Reid may allow Senate vote on assault-weapons ban

Senate Majority Leader Harry Reid had previously indicated he would not allow a vote as the House likely wouldn't support a ban on assault weapons.

WASHINGTON — Senate Majority Leader Harry Reid, a Democrat, signaled Tuesday that despite earlier indications to the contrary, he may allow a vote on a possible ban on assault weapons.

Reid, a longtime gun-rights advocate from Nevada, recently indicated he would not permit a vote because the Republican-led House of Representatives likely wouldn't go along with such a prohibition.

Powerful gun-rights groups oppose a ban on assault weapons and could seek to unseat any lawmaker who backs it, as they have tried to do in the past.
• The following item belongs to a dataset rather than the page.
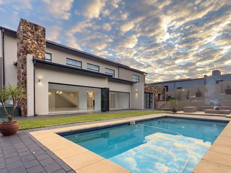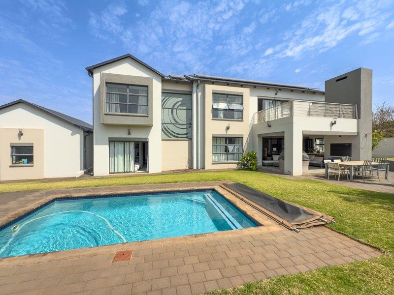 Entertain effortlessly and relax by the pool in Midstream Ridge Estate, overlooking a tranquil greenbelt — enclosed braai patio, modern kitchen, and seven en-suite bedrooms.
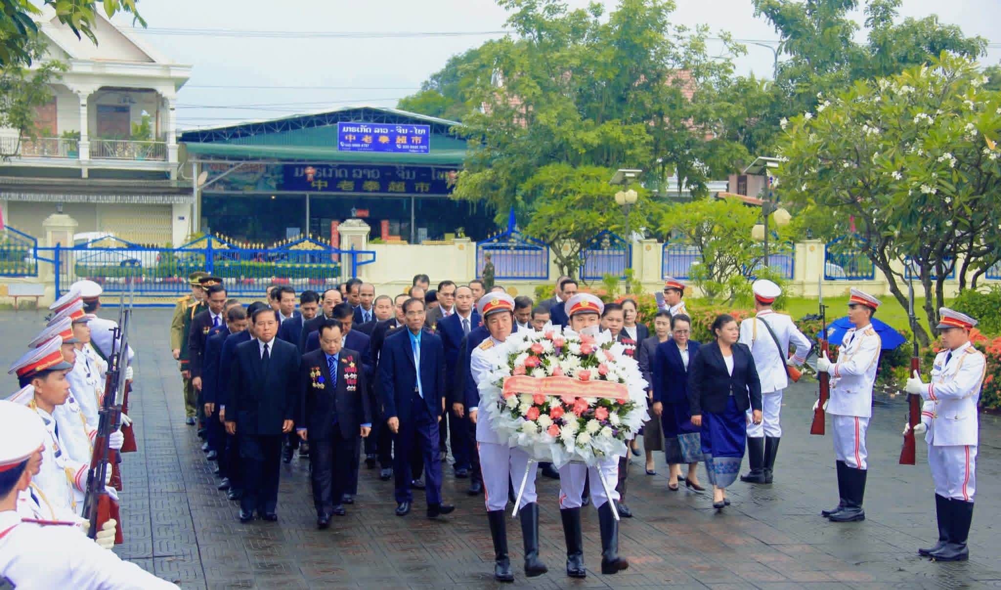 ຈາກນັ້ນ ຄະນະການນຳພັກ-ລັດ ຂອງແຂວງກໍ່ໄດ້ສືບຕໍ່ໄປວາງກະຕ່າດອກໄມ້ ຢູ່ຕໍ່ໜ້າອະສອນສະຖາ ປະທານ ໄກສອນ ພົມວິຫານ ອະດີດຜູ້ນຳທີ່ ແສນເຄົາລົບຮັກຂອງປວງຊົນລາວທັງຊາດ ເພື່ອສະແດງຄວາມກະຕັນຍູຮູ້ບຸນຄຸນ ຕໍ່ປະທານ ໄກສອນພົມວິຫານ ທີ່ໄດ້ສຸມສະຕິປັນຍາເຂົ້າໃນການນຳພາຂະບວນການຕໍ່ສູ້ຕ້ານການຮຸກຮານຂອງພວກຕ່າງດ້າວ ສາມາດຍາດໄດ້ໄຊຊະນະ ແລະ ນໍາເອົາຄວາມຢູ່ເຢັນເປັນສຸກມາສູ່ປະຊາຊົນ ລາວບັນດາເຜົ່າ, ຊຶ່ງຜົນງານ ແລະ ຄຸນງາມຄວາມດີຂອງທ່ານໄກສອນ ພົມວິຫານ ແມ່ນໄດ້ຈາລຶກໃນຄວາມຊົງຈຳຂອງປະຊາຊົນລາວບັນດາເຜົ່າຕະຫຼອດໄປ.

But after a weekly meeting Tuesday with fellow Senate Democrats, Reid told reporters he expects "to have a free amendment process" on gun legislation.
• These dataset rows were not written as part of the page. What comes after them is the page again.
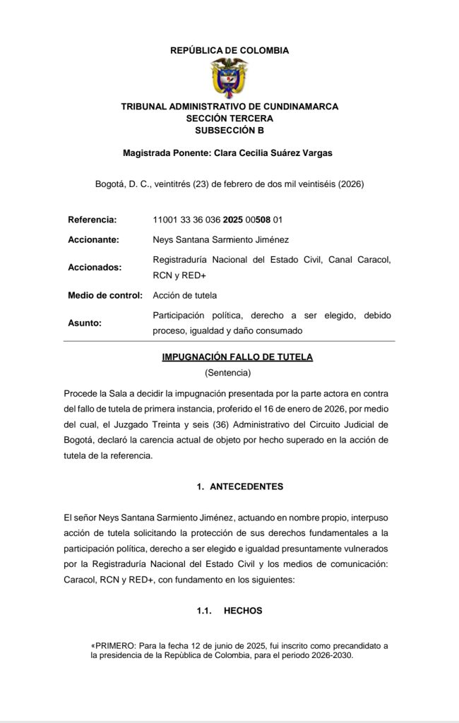 El juzgado declaró la existencia de un hecho superado al considerar que se habían otorgado alternativas para cumplir con el trámite. La decisión fue impugnada y revisada por el Tribunal Administrativo, que, según Santana, reconoció errores y omisiones en el procedimiento, aunque concluyó que el avance del calendario electoral impedía emitir una orden que permitiera materializar la inscripción. “La magistrada manifestó que habían vulnerado todos los derechos, pero que ya no podían darle cumplimiento a una orden judicial”, explicó.
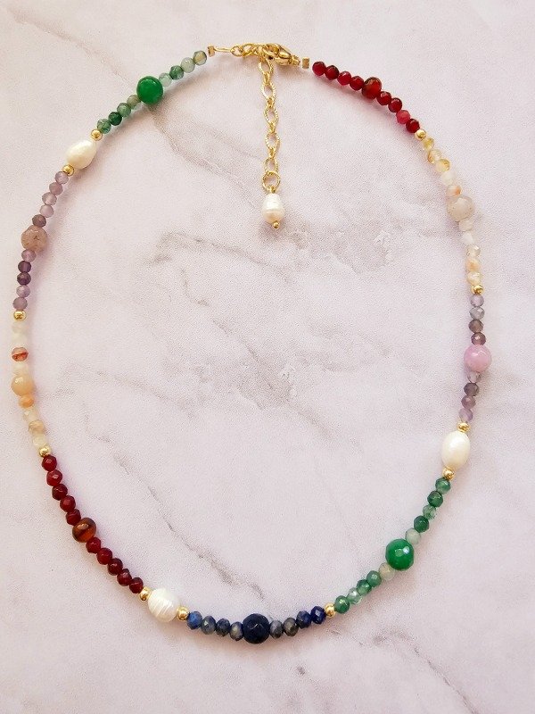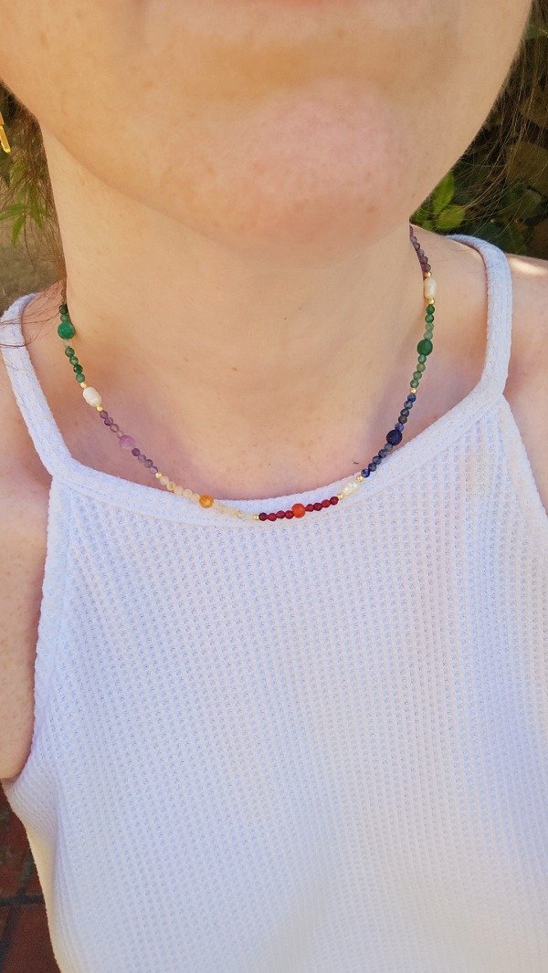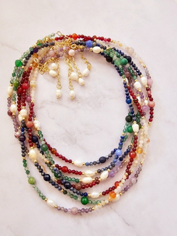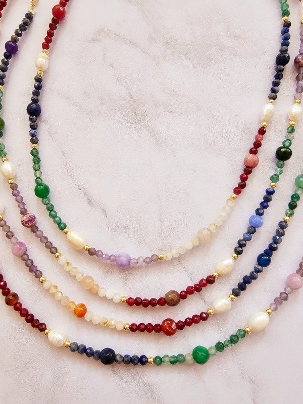 Las piedeas al ser naturales son todas diferentes, ningún collar es igual a otro y la disposición de colores va variando.
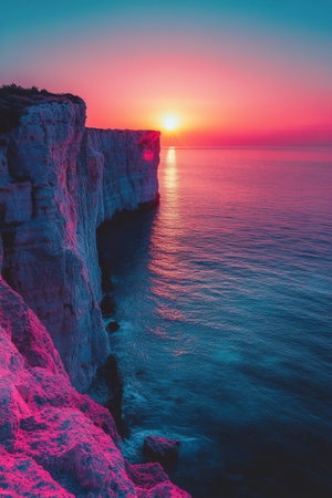 AI Generated. Vibrant Sunset Over a Turquoise Sea Through Coastal Cliffs

That process could result in other Democrats proposing a possible resurrection of a 10-year ban on semi-automatic assault weapons that expired in 2004.

President Barack Obama proposed a package of measures last week to combat gun violence that includes a ban on assault weapons, limits on high-capacity ammunition clips, expanded mental health treatments and improved school security.
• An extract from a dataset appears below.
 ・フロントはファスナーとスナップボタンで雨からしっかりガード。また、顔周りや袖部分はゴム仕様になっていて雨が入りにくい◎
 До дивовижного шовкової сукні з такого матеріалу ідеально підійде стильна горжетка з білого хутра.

Reid said he expects the Senate Judiciary Committee, which opens hearings next week on proposals by Obama and others, to produce a bill. It is unclear if the measure will include a ban on assault weapons.

"It may not be everything everyone wants. But I hope it has stuff that is really important," Reid told reporters.

A series of shootings in the last two months, including one at an elementary school in Newton, Conn., in which 20 children and six teachers were slain, has triggered a renewed national debate on gun control.